■ **Work request**
Word for word, copy the lines from the one with "대한환경공학회 정책토론회 개최 안내" to the last line of the data below, counting both, and keep every picture out.

(Beginning of Raw data)

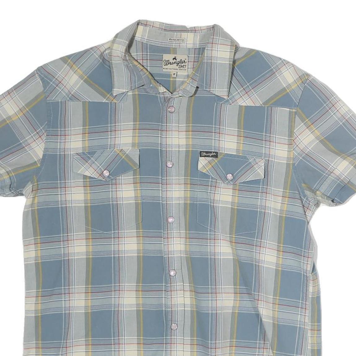 WRANGLER Mens Blue & Cream Check Shirt M Cotton Casual Western Short Sleeve
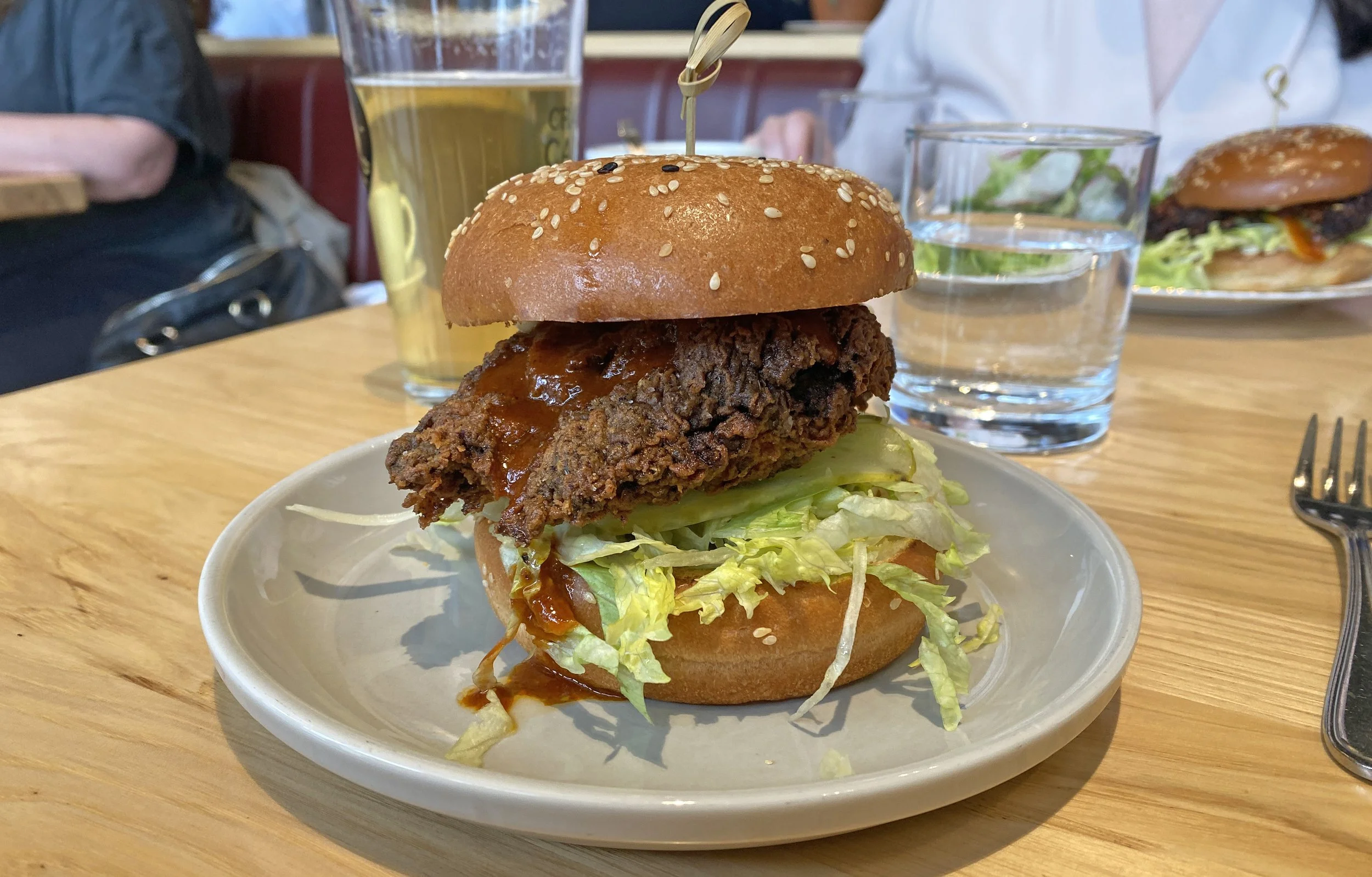 The chicken was really crispy and juicy but a couple spots were a bit dry and the batter was almost burnt but barely noticeable
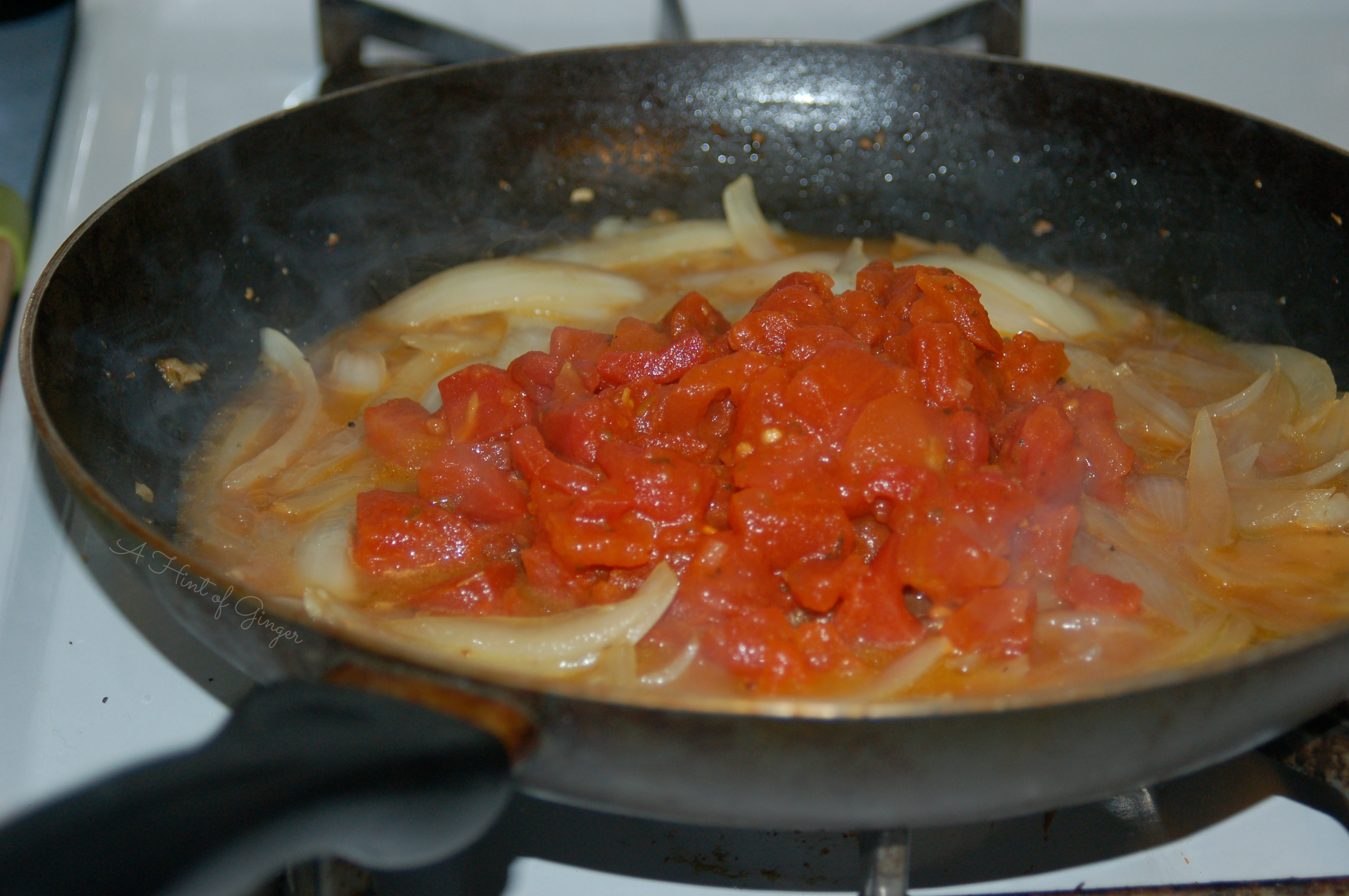 - Meanwhile, heat 2 tablespoons of olive oil in large skillet pan over medium heat. Add garlic and saute until fragrant but not yet golden in color. Add onions and sauté until softened then add chicken broth, using only about 1/4 of a cup or so at first. Reduce broth down for a few minutes. Add can of diced tomatoes as well as salt and pepper to taste then stir together. Continue to heat mixture over medium to medium-low heat until just before your pasta is done. Add spinach and stir to wilt and mix together.
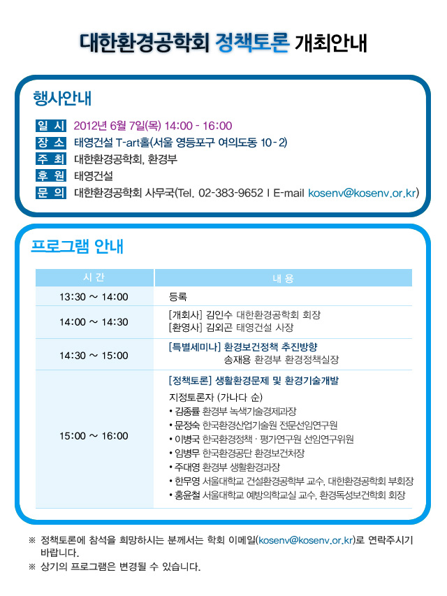 대한환경공학회 정책토론회 개최 안내
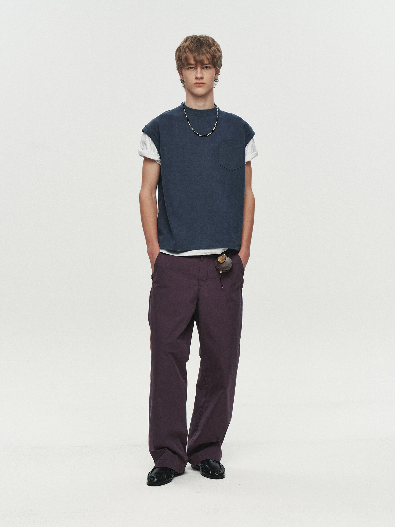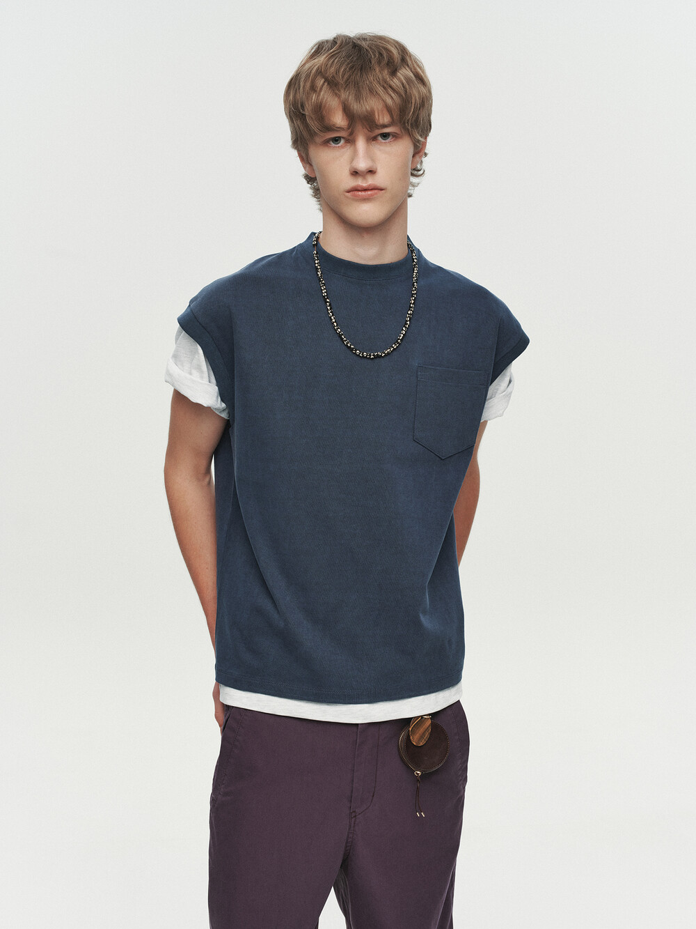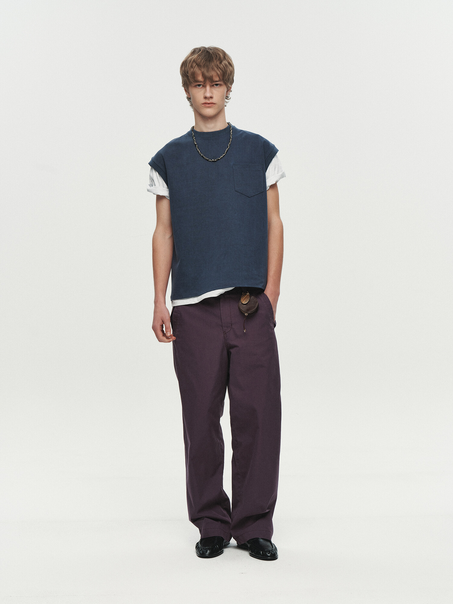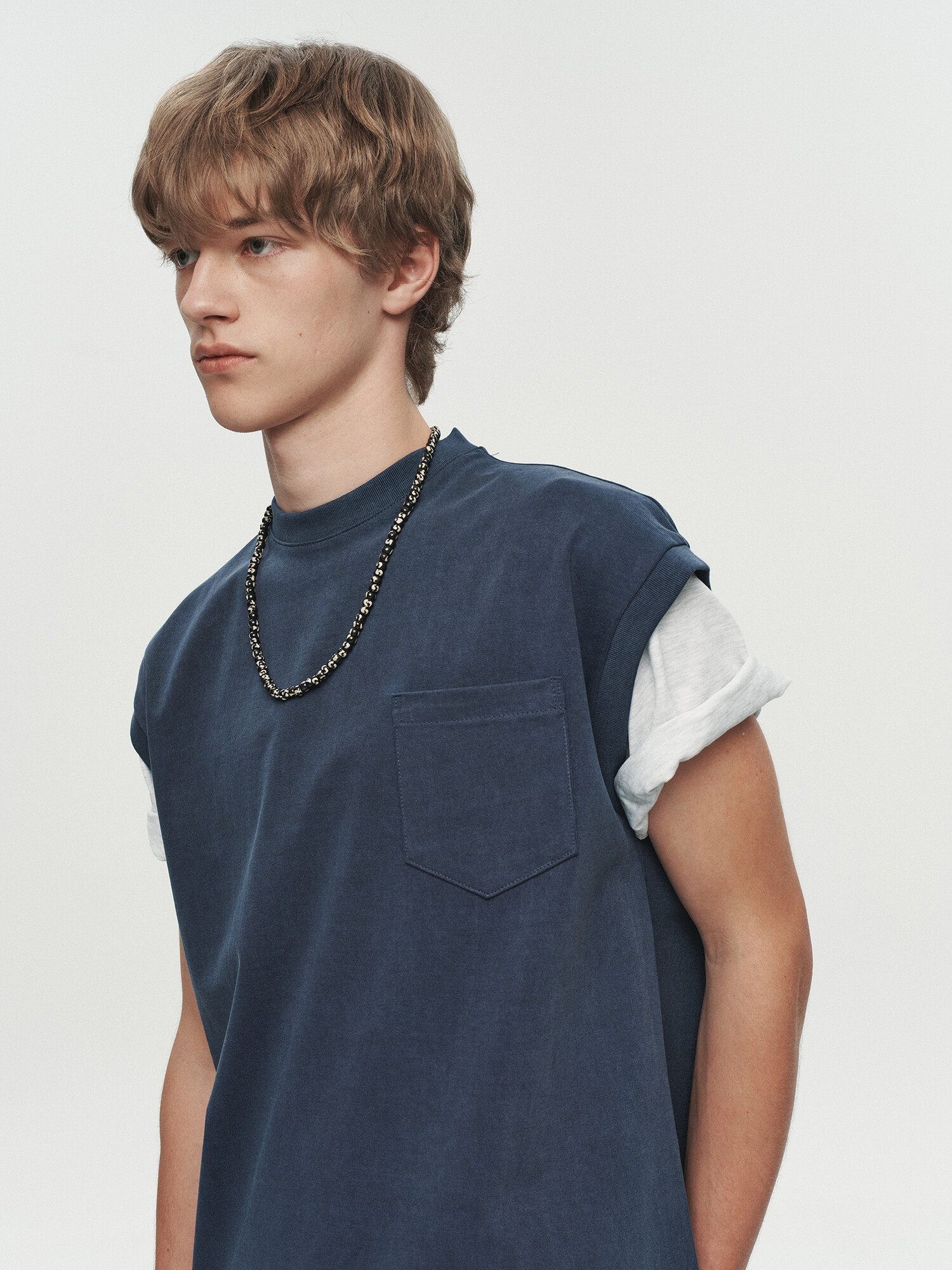 WASHED POCKET SLEEVELESS (NAVY)

(End of Raw data)

■ **Written reply**
 대한환경공학회 정책토론회 개최 안내
 WASHED POCKET SLEEVELESS (NAVY)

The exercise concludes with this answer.